Une résurgence inquiétante?
« Ultra-gauche », « mouvance anarcho-autonome » ne sont pas au final des mythes.
Ces vocables désignent un courant « néo-anarchiste », actif depuis les années
soixante, et qui connaît aujourd’hui une embellie visible.
Qu’en est-il exactement? Dans un entretien accordé au Point le 12 mars 2009, le
directeur de la Direction centrale du renseignement intérieur (DCRI), Bernard
Squarcini, s’inquiète de la montée en puissance des « anarcho-autonomes »: « Une
série de clignotants nous alerte depuis quelques années sur la montée d’une contestation anarcho-autonome que les émeutes étudiantes de l’hiver dernier en Grèce ont
mise en évidence. Dans nos pays occidentaux, le climat social et la crise économique
incitent de jeunes gens incontrôlés à basculer dans la violence. […] Il y a trente ans,
avant de commettre des assassinats, Action directe avait commencé par faire sauter
un bâtiment du CNPF »[3].
Julien Coupat et ses camarades de Tarnac, qui sont accusés d’avoir ralenti le trafic
des TGV, sont-ils les enfants d’Action directe et doit-on craindre un engrenage
analogue?
Rappelons que la toute première intervention d’Action directe en 1979 est le
mitraillage du siège du patronat français. Il s’agit dans le contexte de l’époque d’un
acte hautement symbolique.

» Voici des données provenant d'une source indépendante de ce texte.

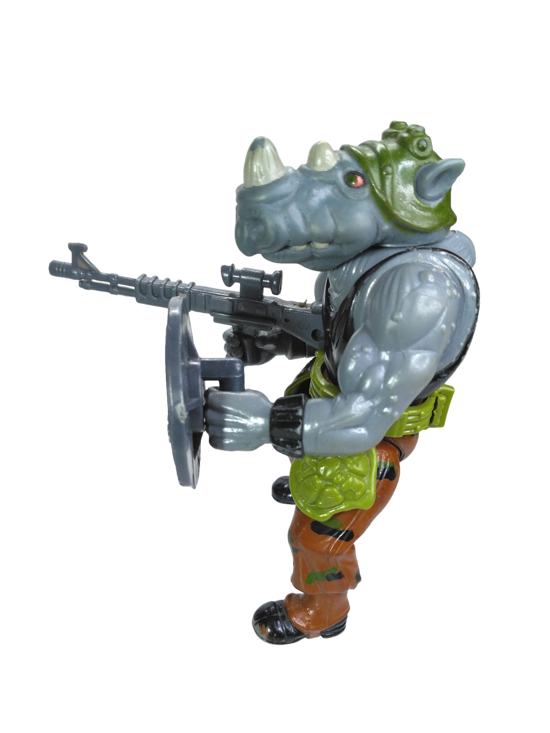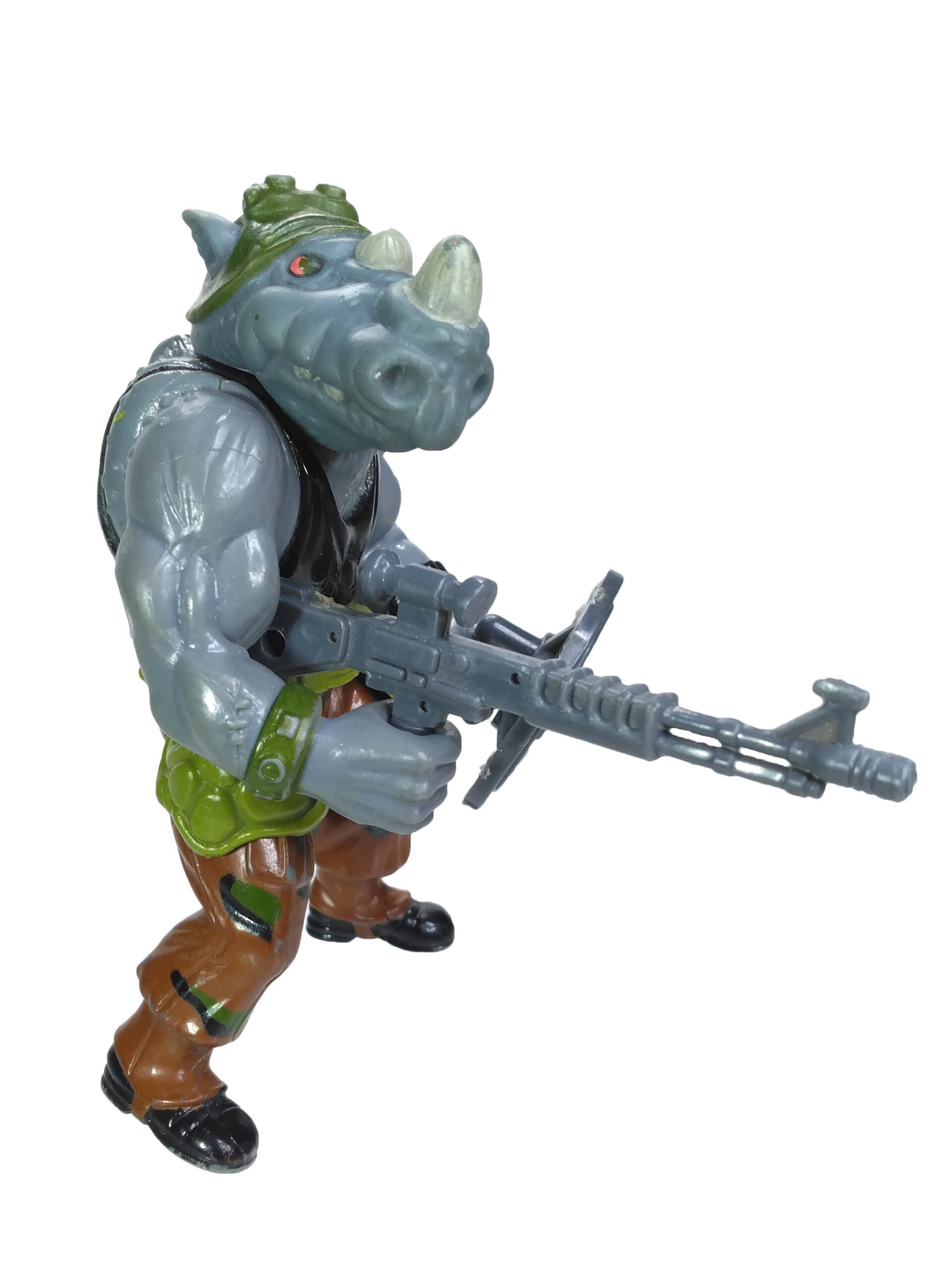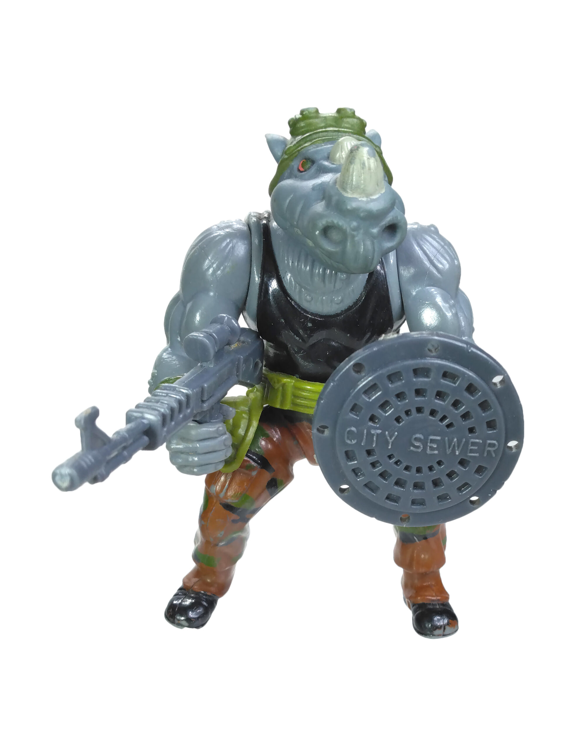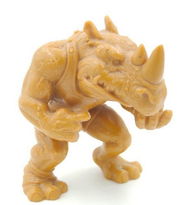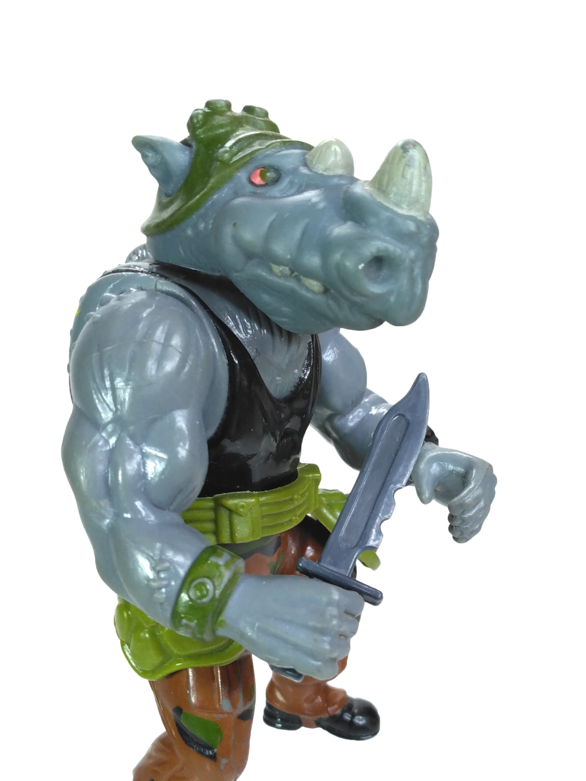 Le rhinocéros est connu dans le milieu de la collection pour avoir une variante de peinture au niveau de son visage. Certaines apparaissent en effet légèrement plus bleutées que d’autres. Cela n’arrive que sur les figurines soft head. Il serait plutôt question de l’altération du plastique mou à travers le temps et des conditions de conservation plutôt que d’une variante à proprement parler. On retrouve ce problème sur les figurines de 1989, donnant par exemple l’impression d’être en caoutchouc (Leatherhead, Genghis Frog). Il n’en est rien. Ce n’est que l’altération du plastique.

On use, non plus de cocktails Molotov et de barres de
fer, mais de fusils-mitrailleurs. Action directe se place ainsi d’emblée dans une stratégie politico-militaire. Peut-on en dire autant des sabotages de voies ferrées ? Ces
actions visaient, semble-t-il, à ralentir les trains et non à les faire dérailler. Il n’y pas
d‘intention meurtrière. Il importe à l’évidence de surveiller les groupes « néo-anarchistes », sans pour autant céder à une crainte excessive.
Quoi qu’il en soit, nous assistons aujourd’hui à la montée en puissance de l’extrême gauche dans sa diversité. Cette montée s’accompagne d’un renouvellement
générationnel. Elle s’explique par la crise économique, aussi bien que par l’absence
momentanée d’un leadership à gauche. On ne peut s’étonner de voir la mouvance
« néo-anarchiste » profiter à son tour de cette conjoncture favorable.
3. « Comment on traque les terroristes », Le Point, 12 mars 2009.